Assignment |
Would you please set down, word for word, the lines from the one with "Este es un interruptor" through the final line of the data below, omitting any pictures?

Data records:

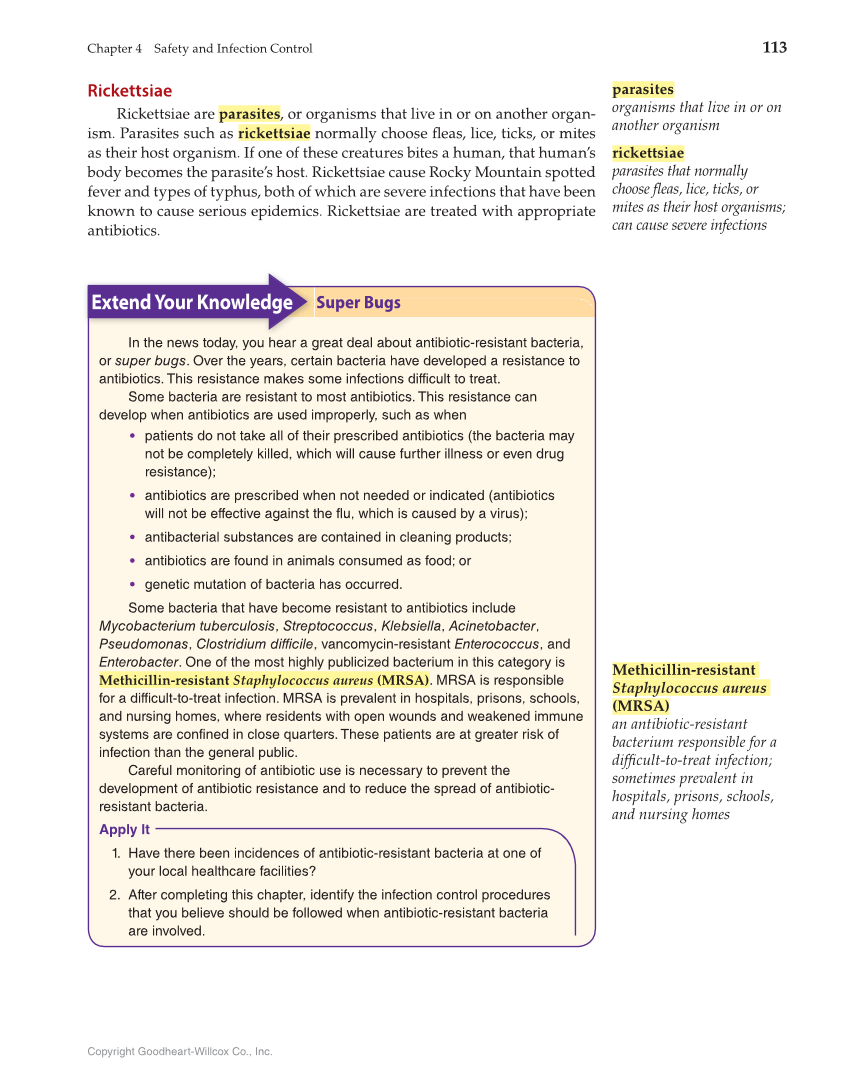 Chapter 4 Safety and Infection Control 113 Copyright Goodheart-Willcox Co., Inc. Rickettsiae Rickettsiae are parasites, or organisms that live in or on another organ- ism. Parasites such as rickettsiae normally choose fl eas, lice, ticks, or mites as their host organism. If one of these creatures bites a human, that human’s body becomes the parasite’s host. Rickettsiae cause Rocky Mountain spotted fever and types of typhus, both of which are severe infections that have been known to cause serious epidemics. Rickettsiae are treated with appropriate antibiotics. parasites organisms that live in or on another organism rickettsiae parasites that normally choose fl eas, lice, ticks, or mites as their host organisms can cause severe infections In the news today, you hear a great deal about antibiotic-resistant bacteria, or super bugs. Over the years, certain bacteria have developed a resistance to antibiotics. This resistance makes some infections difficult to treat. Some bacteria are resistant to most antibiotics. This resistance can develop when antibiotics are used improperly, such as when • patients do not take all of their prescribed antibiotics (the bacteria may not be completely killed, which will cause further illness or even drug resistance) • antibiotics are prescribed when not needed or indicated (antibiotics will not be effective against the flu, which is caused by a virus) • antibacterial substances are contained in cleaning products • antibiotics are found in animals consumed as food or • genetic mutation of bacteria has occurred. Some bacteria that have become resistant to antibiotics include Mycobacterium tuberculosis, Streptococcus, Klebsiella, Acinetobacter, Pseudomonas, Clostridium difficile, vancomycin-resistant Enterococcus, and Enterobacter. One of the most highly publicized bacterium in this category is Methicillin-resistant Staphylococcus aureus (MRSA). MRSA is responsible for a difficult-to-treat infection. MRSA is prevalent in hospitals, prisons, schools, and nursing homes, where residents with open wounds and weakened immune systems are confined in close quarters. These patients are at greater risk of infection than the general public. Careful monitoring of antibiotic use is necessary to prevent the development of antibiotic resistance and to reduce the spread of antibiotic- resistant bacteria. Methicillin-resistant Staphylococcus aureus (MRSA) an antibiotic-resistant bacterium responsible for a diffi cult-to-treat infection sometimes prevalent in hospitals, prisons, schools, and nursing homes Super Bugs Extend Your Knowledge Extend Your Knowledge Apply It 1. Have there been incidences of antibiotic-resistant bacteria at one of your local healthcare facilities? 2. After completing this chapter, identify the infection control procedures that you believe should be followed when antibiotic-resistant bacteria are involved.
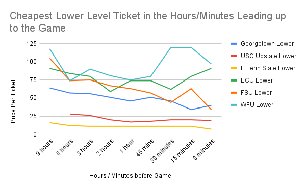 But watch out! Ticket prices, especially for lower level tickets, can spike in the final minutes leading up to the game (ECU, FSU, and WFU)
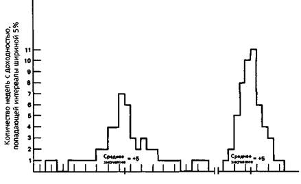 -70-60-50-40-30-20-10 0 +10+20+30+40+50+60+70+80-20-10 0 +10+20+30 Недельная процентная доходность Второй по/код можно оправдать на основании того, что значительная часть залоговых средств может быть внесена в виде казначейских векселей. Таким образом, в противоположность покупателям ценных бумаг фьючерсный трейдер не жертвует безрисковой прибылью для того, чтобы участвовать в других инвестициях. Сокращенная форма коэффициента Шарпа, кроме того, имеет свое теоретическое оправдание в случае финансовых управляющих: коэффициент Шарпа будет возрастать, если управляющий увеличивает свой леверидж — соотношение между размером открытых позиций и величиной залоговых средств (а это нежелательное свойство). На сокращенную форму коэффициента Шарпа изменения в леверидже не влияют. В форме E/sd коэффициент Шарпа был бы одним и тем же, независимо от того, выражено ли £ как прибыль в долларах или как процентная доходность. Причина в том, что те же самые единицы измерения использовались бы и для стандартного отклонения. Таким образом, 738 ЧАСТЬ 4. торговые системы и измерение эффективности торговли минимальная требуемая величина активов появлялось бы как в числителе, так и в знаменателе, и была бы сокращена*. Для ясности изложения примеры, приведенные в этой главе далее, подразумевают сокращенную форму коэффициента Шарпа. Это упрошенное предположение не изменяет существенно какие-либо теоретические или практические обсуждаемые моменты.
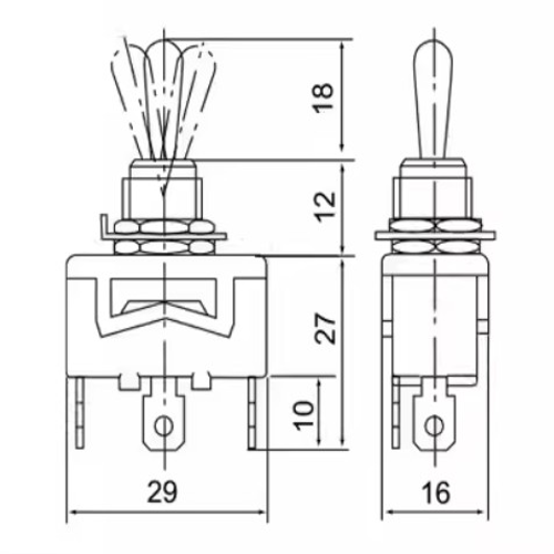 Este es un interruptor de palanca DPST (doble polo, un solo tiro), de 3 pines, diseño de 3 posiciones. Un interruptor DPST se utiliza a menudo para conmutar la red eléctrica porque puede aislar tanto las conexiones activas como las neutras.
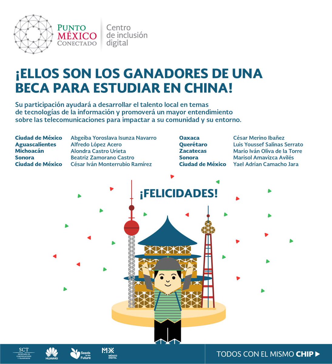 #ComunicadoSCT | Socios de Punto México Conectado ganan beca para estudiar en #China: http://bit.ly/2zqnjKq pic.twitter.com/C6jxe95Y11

Answer space |
 Este es un interruptor de palanca DPST (doble polo, un solo tiro), de 3 pines, diseño de 3 posiciones. Un interruptor DPST se utiliza a menudo para conmutar la red eléctrica porque puede aislar tanto las conexiones activas como las neutras.
 #ComunicadoSCT | Socios de Punto México Conectado ganan beca para estudiar en #China: http://bit.ly/2zqnjKq pic.twitter.com/C6jxe95Y11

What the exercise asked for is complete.